Aquí sigo, en México DF, abriendo mucho los ojos para no perderme nada. Me prodigo poco en el blog pero mi excusa es que tengo que escribir para el periódico (o para la web que es lo mismo): la última ha sido una entrevista a un personaje curioso: Alfredo Elías Calles, nieto de Plutarco Elías Calles, líder de la revolución mexicana y contructor de las instituciones del país.

Don Plutarco es un personaje controvertido: unos lo ven como el héroe que dio estabilidad política a México durante 70 años y otros como un tipo con demasiado apego al poder que creó una dictadura de partido. Pues bien, Alfredo ha escrito la vida de su abuelo, según dice inspirada por él, a modo de autobiografía desde el más allá. Si quieren saber más del asunto pueden leer aquí el artículo, y si les interesa mucho, mucho, el libro directamente. Yo he aprendido mucha historia leyéndolo, aunque hay que recordar que es el testimonio parcial de un nieto que defiende a su abuelo.

Pero hoy vamos a hablar de otra cosa: de un personaje al que he tomado mucho cariño en poco tiempo. Verán, aunque estoy viviendo una oportunidad estupenda, conociendo un nuevo país, a gente interesante y todas esas cosas no les voy a negar que a ratos me siento un poco solo. Sólo un poco, pero lo justo para echar de menos a tantos seres queridos como tengo al otro lado del Atlántico. Por eso agradezco tanto las llamadas y los mensajes y por eso estaré muy feliz de recibir visitas cuando se produzcan.

Y fíjate que una visita inesperada, pero sumamente grata, es la que hace casi a diario a mis ventanas -del salón a la cocina, dando vueltas a la casa- un pequeño colibrí de plumas muy brillantes. Aparece a cualquier hora, revolotea un poco alrededor del edificio y desparece. No sé si es macho o hembra, ni sé como saberlo, ni siquiera sé si los colibríes tienen sexo o género, o como se diga ahora, aunque supongo que sí. Tampoco le he puesto nombre. Pero sí sé que espero su llegada con cierta ilusión y que me gusta que acompañe durante el desayuno, tanto como me gustaba irme de paseo con el perro Kukín.

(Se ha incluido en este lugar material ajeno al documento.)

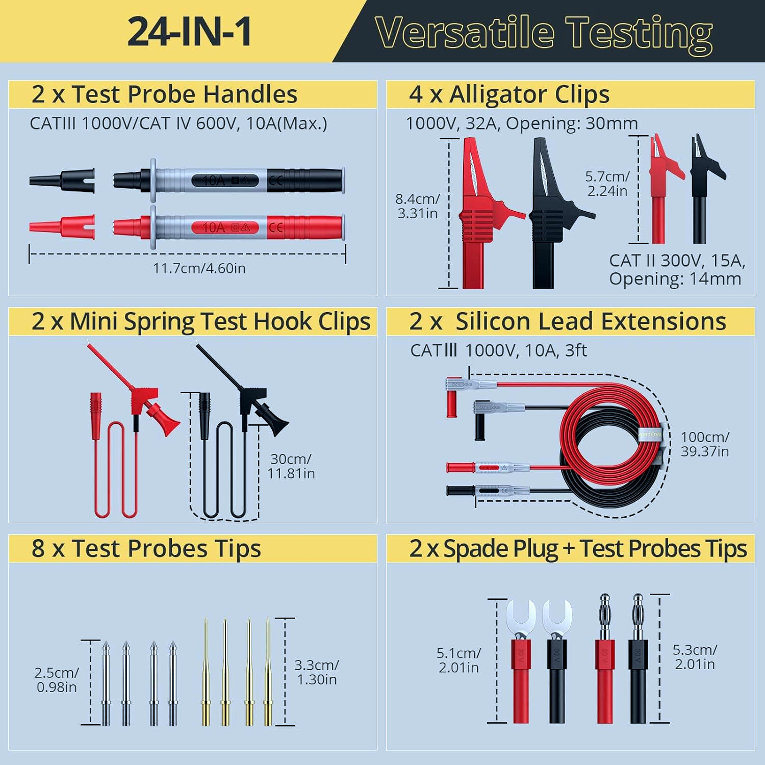 On peut acheter des fils pour multimètre avec des adapteurs différents

Alguno supondrá que se me ha ido la mano con el tequila, pero no. Estoy tomando cierta afición a esa bebida -que por cierto se bebe de pequeños sorbos y no de trago- pero no como para andar ya delirando. Quizá en Madrid, con tanto trabajo, llamadas, vida social, más llamadas, más trabajo, más vida social, no había tenido tiempo o serenidad para fijarme en minucias como esta, en un pajarito que frecuenta una ventana. De hecho, cuando veía uno me acordaba de que, como presidente de la comunidad, tenía una llamada pendiente a una empresa para fumigar a las palomas.

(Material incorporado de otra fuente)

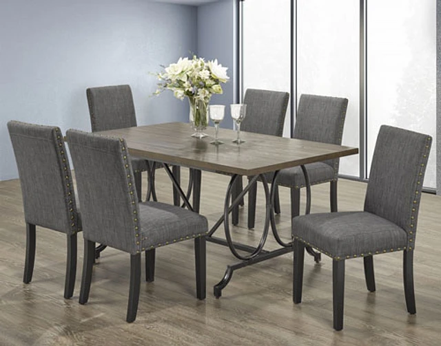 Ensemble de salle à manger traditionnel de style contemporain de 7 pièces Elizabella - Brun/Gris

A este espero que no lo fumigue nadie. Es tímido. Intento que se acerque más pero no se decide. Los primeros días le dejé trocitos de pan pero luego comprendí que no le cabían por la trompa esa que tiene. Luego mi amiga Ángela me sugirió desde Colombia que le pusiera agua con azúcar, que por lo visto les encanta. Tampoco bebió, pero a cambio se me llenó la ventana de hormigas.

Creo que la siguiente estrategia para intentar que se aproxime más será ponerle música clásica. Alguno pensará que con todas la cosas que tengo que hacer por aquí semejante distracción es una pérdida de tiempo. Pero cada vez pienso más que perder el tiempo es precisamente lo que hacemos cuando no aprovechamos los momentos como este. Los ratos en los que serenamente disfrutamos con la compañía de un buen amigo.